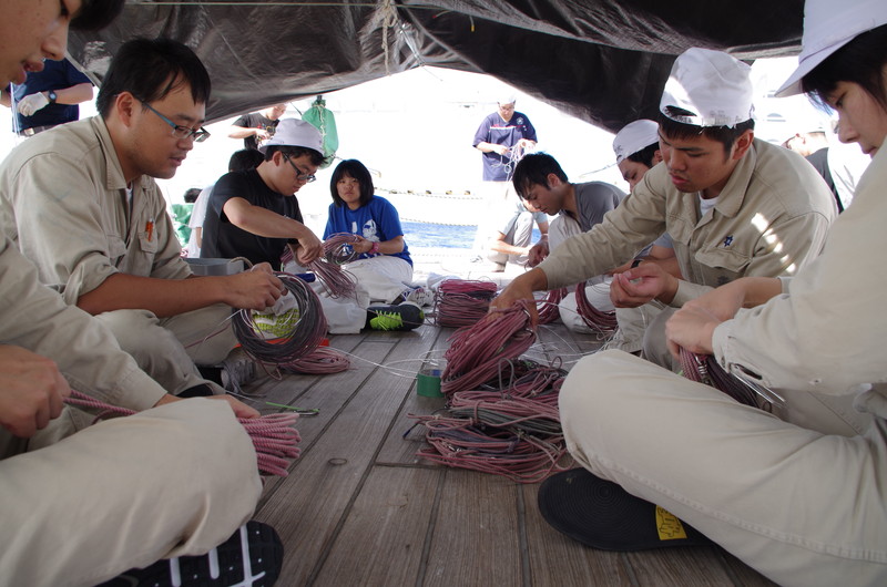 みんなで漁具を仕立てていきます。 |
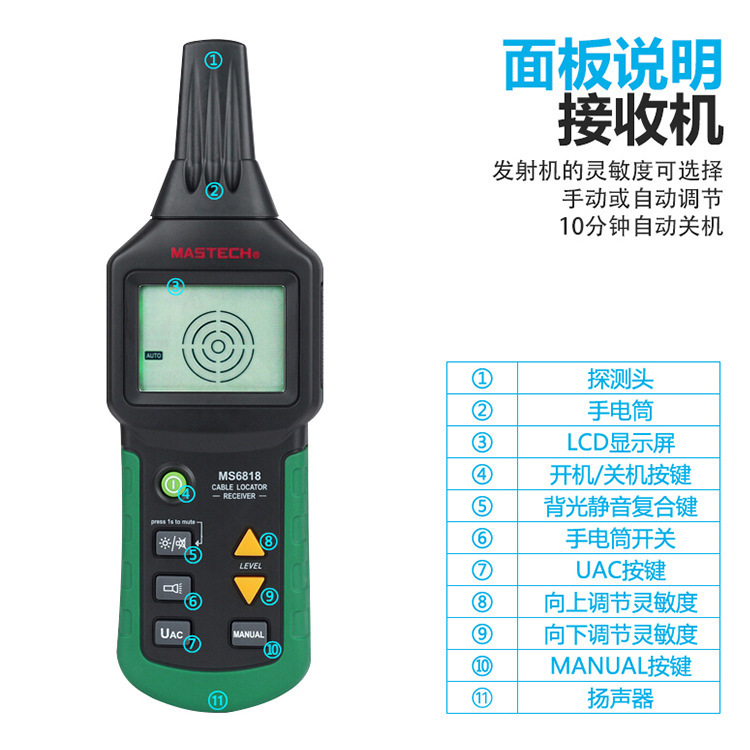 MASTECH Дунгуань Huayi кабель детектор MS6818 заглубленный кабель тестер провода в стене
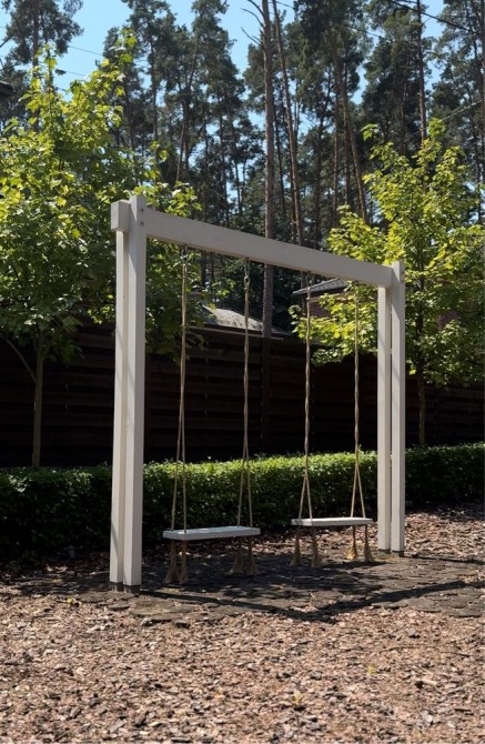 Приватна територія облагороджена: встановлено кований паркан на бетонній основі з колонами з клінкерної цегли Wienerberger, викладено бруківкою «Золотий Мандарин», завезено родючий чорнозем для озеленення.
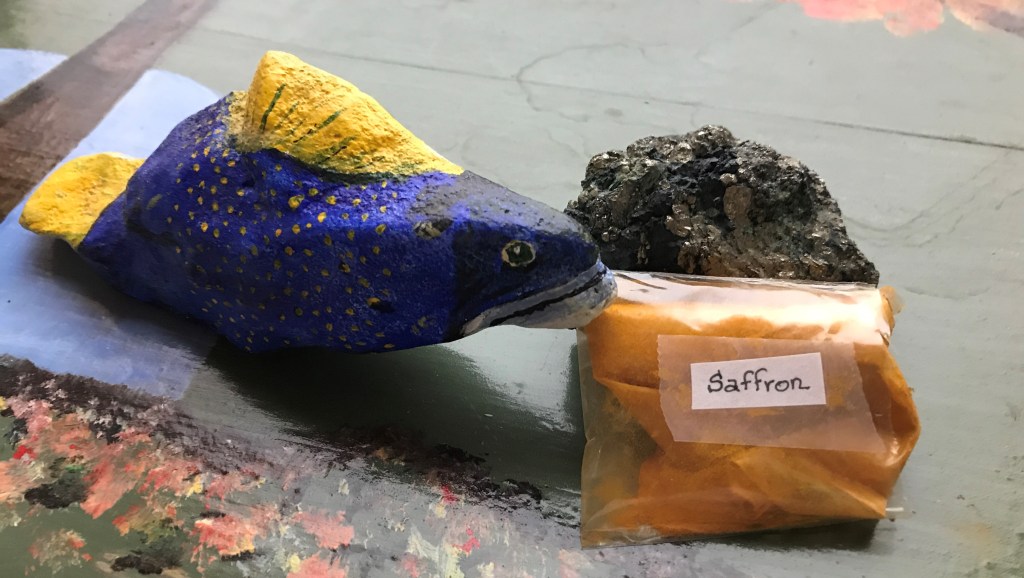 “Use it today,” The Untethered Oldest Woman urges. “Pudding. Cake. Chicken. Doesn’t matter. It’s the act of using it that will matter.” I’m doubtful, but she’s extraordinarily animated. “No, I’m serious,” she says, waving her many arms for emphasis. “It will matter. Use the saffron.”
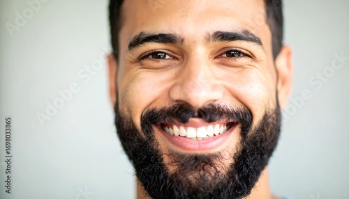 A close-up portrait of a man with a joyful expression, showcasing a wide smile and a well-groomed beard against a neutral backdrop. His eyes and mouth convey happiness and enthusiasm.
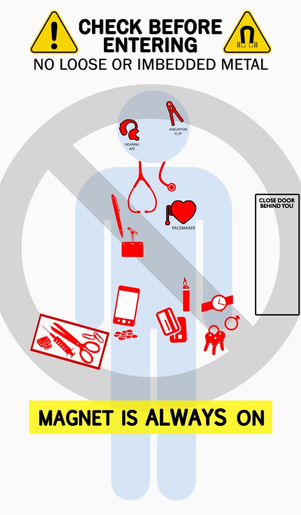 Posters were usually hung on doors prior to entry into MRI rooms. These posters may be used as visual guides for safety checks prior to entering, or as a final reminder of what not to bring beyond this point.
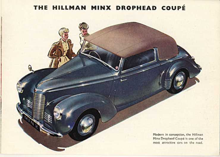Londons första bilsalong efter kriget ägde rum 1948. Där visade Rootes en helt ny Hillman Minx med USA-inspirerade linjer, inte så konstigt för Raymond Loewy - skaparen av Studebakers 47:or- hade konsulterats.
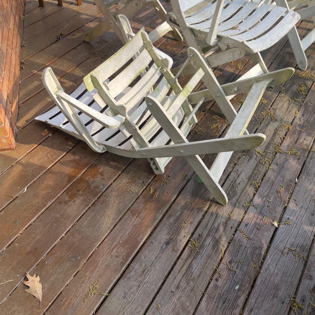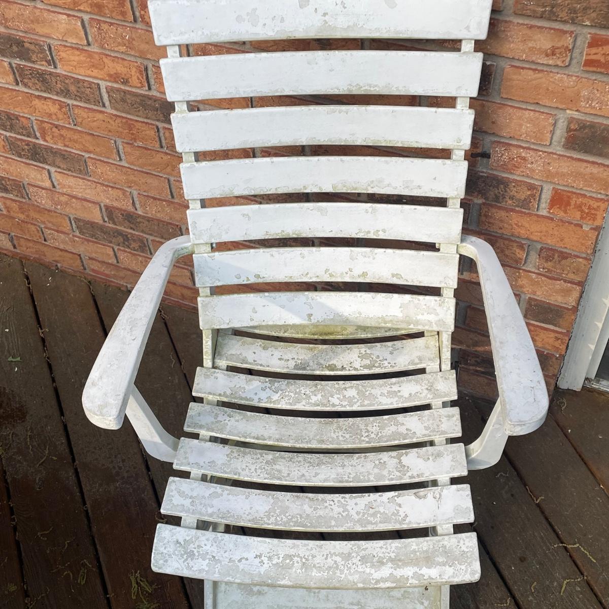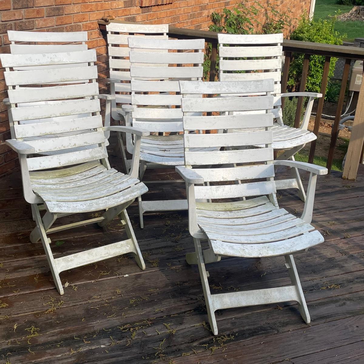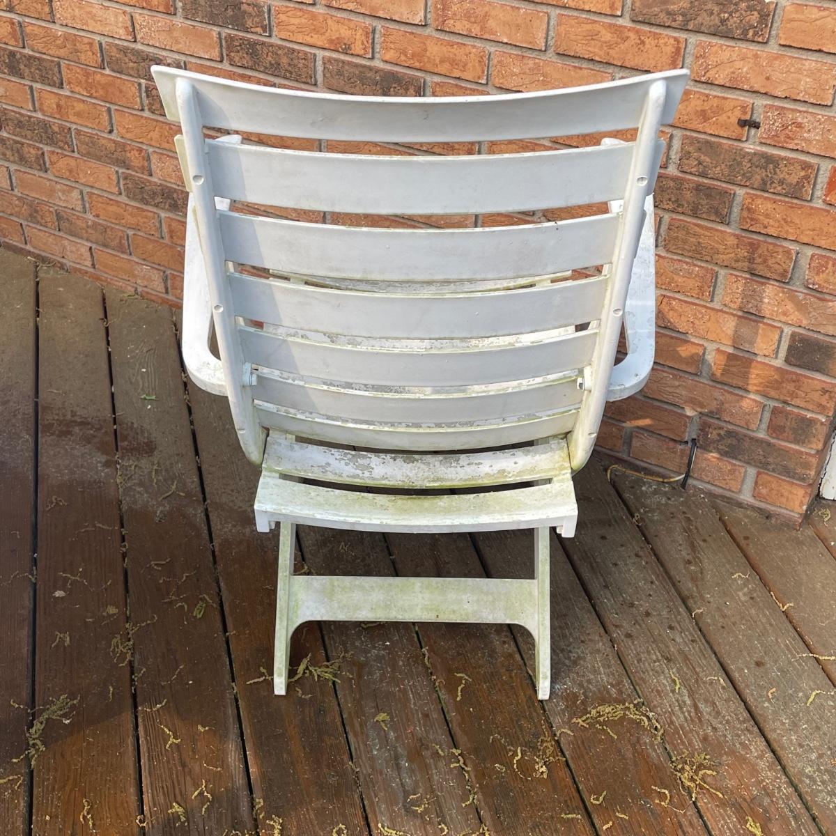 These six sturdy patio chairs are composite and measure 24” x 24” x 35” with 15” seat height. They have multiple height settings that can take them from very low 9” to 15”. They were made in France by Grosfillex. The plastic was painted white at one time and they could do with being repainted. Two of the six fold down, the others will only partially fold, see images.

=====

The problem =>
In the records above, find the line that contains "A close-up portrait". Print it and every later line exactly, omitting the pictures.

Task result =>
 A close-up portrait of a man with a joyful expression, showcasing a wide smile and a well-groomed beard against a neutral backdrop. His eyes and mouth convey happiness and enthusiasm.
 Posters were usually hung on doors prior to entry into MRI rooms. These posters may be used as visual guides for safety checks prior to entering, or as a final reminder of what not to bring beyond this point.
Londons första bilsalong efter kriget ägde rum 1948. Där visade Rootes en helt ny Hillman Minx med USA-inspirerade linjer, inte så konstigt för Raymond Loewy - skaparen av Studebakers 47:or- hade konsulterats.
 These six sturdy patio chairs are composite and measure 24” x 24” x 35” with 15” seat height. They have multiple height settings that can take them from very low 9” to 15”. They were made in France by Grosfillex. The plastic was painted white at one time and they could do with being repainted. Two of the six fold down, the others will only partially fold, see images.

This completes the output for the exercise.